Anyway, being a compulsive fact-checker while learning every minute detail about a region adds up to one thing and one thing only.

Missing deadlines.

But there's not much I can do about that, so let's talk about something more interesting. Like Easter Island.

And rats.

The big mystery of Easter Island is not where the big heads came from or why they were carved. Every continent has their mysterious architectural masterpieces. Did aliens make the Great Pyramids? How did the stelae get to Axum? Oh, surely aliens. I'm good with that.

But why didn't the aliens whisk those poor Easter Islanders off to Chile when all their trees died?

I'd always believed the catastrophic deforestation theories about Easter Island, and the study I just read by Terry L. Hunt doesn't argue the deforestation point.

But it places the blame somewhere unexpected. Previously, blame had been placed on the common criminal: Mankind. But not Hunt. He blames something else.

Rats. Rats came in by ship from Europe, ate the vegetation and tree seeds, and caused deforestation. Erosion of soil, no farming, no veggies, no canoes, no way off the island. Cannibalism. Rat-eating. Dog-eating. No wonder they tipped their big stone heads over. I'd have been pissed too.

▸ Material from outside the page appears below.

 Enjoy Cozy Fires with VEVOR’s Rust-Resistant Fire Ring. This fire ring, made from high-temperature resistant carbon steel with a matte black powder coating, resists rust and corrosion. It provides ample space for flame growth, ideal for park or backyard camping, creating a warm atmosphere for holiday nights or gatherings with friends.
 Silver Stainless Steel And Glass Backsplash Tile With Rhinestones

Thursday, November 23, 2006

More Ro Art

Roberta had a piece in a show at the Bronx River Arts Center a few weeks ago. It was a temporary installation that lasted only one day. The idea behind it is "conceptual and temporal brevity." Which I think in plain English might mean "quick and dirty."

Wednesday, November 22, 2006

Not On the Move

It's the night before Thanksgiving, and all across the USA, people are on the move.

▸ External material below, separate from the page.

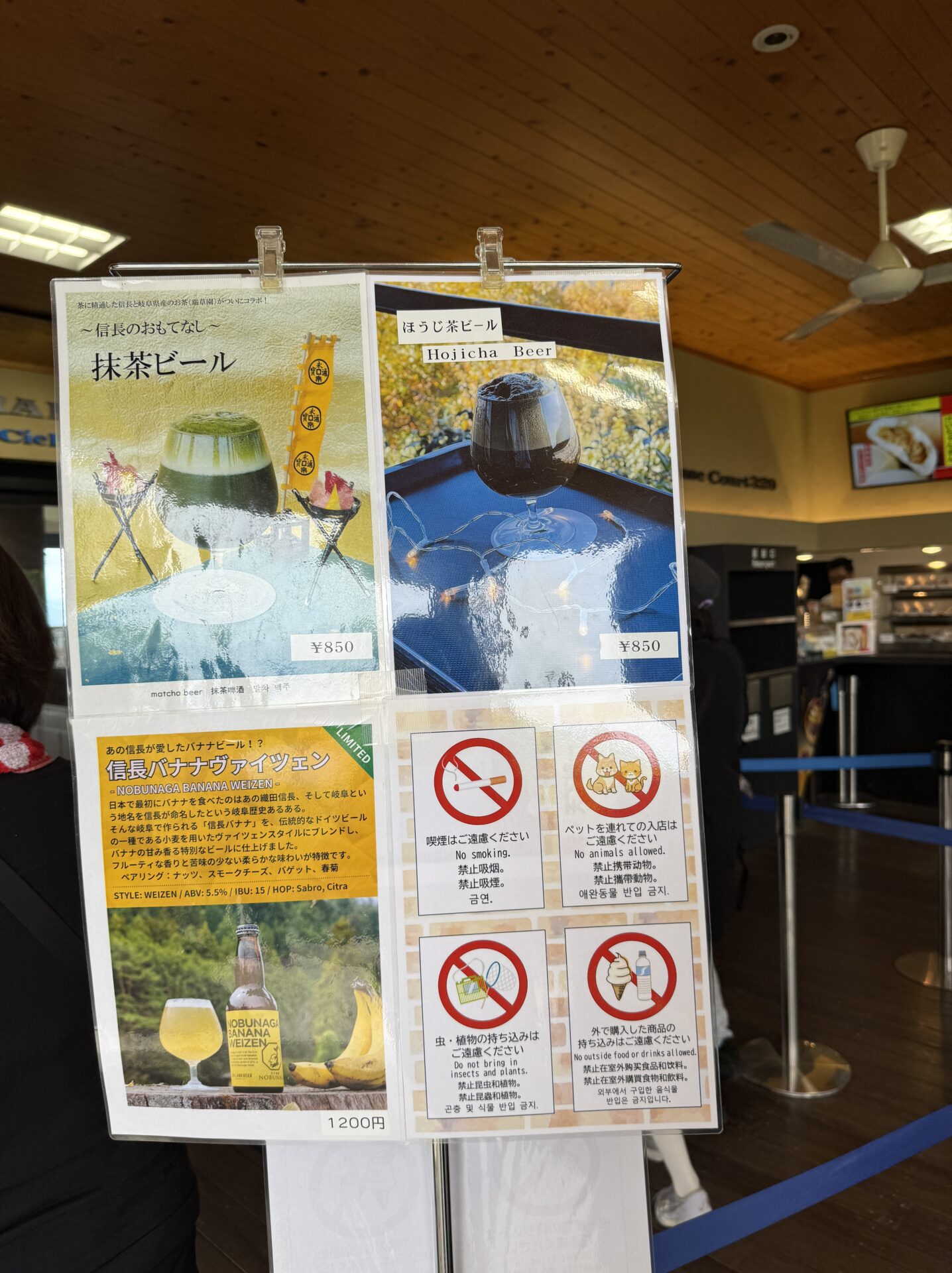 While waiting, a poster caught my eye—featuring “Matcha Beer,” “Hōjicha Beer,” and even “Banana Beer”!

Not me. I'm sitting this one out. I'm packing to move, selling a condo, writing an atlas, helping run a comic book company and probably some other things I've forgotten. There's no time to get myself to Virginia and back.

I'm still thankful, though. Mostly thankful that I'm not sitting in traffic on the New Jersey Turnpike, but that counts too.

Tuesday, November 21, 2006

A Camel's a Wonderful Thing

Last night, during my research for the children's atlas I'm writing, I learned the following camel facts:

-Camels have gorgeous long eyelashes not to flirt with other camels, but to keep the sand out of their eyes.

-Camels ARE flirting when they blow that ugly pink bubble out of their mouths.

-Camels have super-kidneys that produce dry camel poo.

-Camels are useful for meat, milk, transportation, hauling, and camel hide in the Sahara.

-Camels have special fat feet, which act like camel snowshoes for sand.

Monday, November 20, 2006

Eliza Goes Home to Iceland

I've been following the adventures of writer Eliza Reid as she travels through West Africa.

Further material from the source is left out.